Apple announced that ARKit will be available on iOS 11 at their company event, WWDC 2017 on June and with the release of iOS 11 on September 19, 2017, ARKit was part of it. Users could download the Xcode version 9.0.1 which includes the iOS 11 and can start creating an Augmented Reality based project.

What is ARKit?

ARKit simplifies the task of making AR experience by combining device motion tracking, scene processing, camera scene capture and display conveniences. Augmented reality (AR) add 2D or 3D objects to the camera view or live view so that those objects seems like its part of the real world. You can use the ARKit features to produce AR experiences in your app or game. AR game has been really popular amongst the crowd, such as Pokemon go, Zombies run, Ingress etc.

ARKit uses the world and camera coordinates that follow a right-handed convention which means x-axis towards the right, y-axis upwards and z-axis points towards the viewer.In order to track the world coordinate, the ARKit uses a technique called visual-inertial odometry which is the combination of the information merged from iOS device’s motion-sensing hardware with vision analysis of the scene visible from phone’s camera. The world tracking also analyzes and understands the content of the scene. Using the hit testing method it can identify planes horizontal or vertical in the camera image and tracks its position and size.

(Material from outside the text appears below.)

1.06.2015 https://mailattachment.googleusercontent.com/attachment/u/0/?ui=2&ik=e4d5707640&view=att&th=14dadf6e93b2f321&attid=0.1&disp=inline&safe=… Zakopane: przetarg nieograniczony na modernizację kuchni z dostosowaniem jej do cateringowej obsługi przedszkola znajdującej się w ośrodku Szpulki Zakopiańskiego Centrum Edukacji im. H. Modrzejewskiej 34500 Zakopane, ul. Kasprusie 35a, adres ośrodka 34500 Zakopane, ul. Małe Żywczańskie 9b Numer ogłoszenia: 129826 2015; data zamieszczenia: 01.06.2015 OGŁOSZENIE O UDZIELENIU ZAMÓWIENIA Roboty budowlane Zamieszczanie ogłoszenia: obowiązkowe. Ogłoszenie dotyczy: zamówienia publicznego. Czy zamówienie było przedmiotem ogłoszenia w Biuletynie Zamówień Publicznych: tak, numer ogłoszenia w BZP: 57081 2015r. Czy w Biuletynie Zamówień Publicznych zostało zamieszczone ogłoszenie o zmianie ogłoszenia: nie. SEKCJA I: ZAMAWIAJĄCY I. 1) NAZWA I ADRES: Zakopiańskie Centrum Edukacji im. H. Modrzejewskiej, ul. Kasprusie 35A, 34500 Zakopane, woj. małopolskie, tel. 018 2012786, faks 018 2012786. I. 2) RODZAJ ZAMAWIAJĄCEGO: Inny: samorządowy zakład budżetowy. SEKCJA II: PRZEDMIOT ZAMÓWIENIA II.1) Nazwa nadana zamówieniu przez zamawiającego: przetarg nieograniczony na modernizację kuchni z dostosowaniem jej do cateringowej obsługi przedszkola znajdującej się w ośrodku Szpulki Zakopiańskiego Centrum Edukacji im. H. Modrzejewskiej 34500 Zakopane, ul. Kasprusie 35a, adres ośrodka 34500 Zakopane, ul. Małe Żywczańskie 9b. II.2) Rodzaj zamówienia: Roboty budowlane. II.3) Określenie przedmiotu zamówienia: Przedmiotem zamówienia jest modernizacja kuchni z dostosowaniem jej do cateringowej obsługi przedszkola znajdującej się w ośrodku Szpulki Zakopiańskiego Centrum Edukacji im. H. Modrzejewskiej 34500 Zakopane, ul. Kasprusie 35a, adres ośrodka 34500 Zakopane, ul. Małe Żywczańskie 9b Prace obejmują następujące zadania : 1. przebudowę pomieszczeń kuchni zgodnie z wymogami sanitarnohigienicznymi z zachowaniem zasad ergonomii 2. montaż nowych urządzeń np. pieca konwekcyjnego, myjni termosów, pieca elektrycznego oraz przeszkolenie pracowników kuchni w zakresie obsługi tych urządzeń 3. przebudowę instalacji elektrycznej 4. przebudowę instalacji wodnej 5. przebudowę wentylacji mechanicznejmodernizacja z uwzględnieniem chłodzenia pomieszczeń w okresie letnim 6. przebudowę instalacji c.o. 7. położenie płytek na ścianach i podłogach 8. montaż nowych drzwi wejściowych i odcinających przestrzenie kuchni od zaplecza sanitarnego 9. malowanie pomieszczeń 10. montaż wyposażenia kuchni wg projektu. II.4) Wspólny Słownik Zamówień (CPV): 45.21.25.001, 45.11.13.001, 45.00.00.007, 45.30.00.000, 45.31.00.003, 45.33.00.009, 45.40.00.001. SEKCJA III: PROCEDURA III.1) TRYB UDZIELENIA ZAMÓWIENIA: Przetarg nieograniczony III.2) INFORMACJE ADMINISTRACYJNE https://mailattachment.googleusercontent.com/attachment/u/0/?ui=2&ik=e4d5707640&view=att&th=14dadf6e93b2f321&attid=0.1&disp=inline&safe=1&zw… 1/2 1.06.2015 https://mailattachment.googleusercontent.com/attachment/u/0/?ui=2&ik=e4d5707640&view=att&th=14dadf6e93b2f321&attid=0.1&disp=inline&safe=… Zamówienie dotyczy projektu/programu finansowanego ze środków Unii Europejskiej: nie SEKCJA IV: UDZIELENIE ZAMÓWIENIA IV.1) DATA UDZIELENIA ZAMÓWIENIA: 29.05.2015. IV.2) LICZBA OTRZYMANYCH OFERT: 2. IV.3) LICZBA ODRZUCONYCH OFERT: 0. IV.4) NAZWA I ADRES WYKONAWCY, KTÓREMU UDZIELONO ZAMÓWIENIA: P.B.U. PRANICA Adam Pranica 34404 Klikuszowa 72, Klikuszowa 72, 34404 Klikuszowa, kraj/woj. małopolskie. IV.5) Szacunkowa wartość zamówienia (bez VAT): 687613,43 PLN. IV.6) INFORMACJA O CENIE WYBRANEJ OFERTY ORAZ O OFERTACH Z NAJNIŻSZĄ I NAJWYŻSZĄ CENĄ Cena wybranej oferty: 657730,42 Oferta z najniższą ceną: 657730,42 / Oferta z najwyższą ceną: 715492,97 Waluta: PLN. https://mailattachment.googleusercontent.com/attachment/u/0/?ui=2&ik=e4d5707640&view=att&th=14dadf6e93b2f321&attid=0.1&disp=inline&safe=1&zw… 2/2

World tracking will not always give you exact metrics because it relies on the device’s physical environment which is not always consistent or difficult to measure. There will always be a certain degree of error when mapping the real world in the camera view for AR experiences. To build high-quality AR experiences we need to take the following into consideration:

  • Design AR experiences for predictable lighting conditions: World tracking requires clear image analysis and to increase the quality of AR experience we need to design the app for better lighting where details can be analyzed.
  • Use tracking quality information to provide user feedback: ARKit can provide better feedback when device motion is combined with clear images. Using this the user can be instructed on how to resolve low-quality tracking situations.
  • Allow time for plane detection to produce clear results, and disable plane detection when you have the results you need. ARKit refines its position and extent based on the plane detection over time. The first time the plane has detected the position and its extent might not be accurate but ARKit learns over time when the plane remains in the scene over time.

ARKit Terminologies

  • SceneKit View: It is a component in the object library of interface builder mostly for 3D graphics rendering similar to GLKit view and allows you to set up many defining attributes of a scene quickly
  • ARSCNView: The ARSCNView is a class is a SceneKit view that includes an ARSession object that manages the motion tracking and image processing required to create an augmented reality (AR) experience.
  • ARSession: ARSession object manages the motion tracking and image processing
  • ARWorldTrackingConfiguration: The ARWorldTrackingConfiguration class provides high-precision motion tracking and enables features to help you place virtual content in relation to real-world surfaces.
  • SCNNode: A structural element of a scene graph, representing a position and transform in a 3D coordinate space, to which you can attach geometry, lights, cameras, or other displayable content.
  • SCNPlane: A rectangular, one-sided plane geometry of specified width and height.

Overview

In this blog, I will be explaining on how to quickly start on creating Augmented Reality (AR) app and build an AR experience using facial recognition. The AR app recognizes your face and displays your 3D mock version of you and your professional information in the camera view. The components used in the app are:

  • iOS Vision module
  • IBM Watson Visual Recognition API
  • iOS 11 ARKit
  • IBM Cloudant database to store information.
  • Xcode version greater than 9.0.1

Architecture

How To

Step 1: Creating a project in Xcode

Create an Augmented Reality App from Xcode as shown in the diagram below.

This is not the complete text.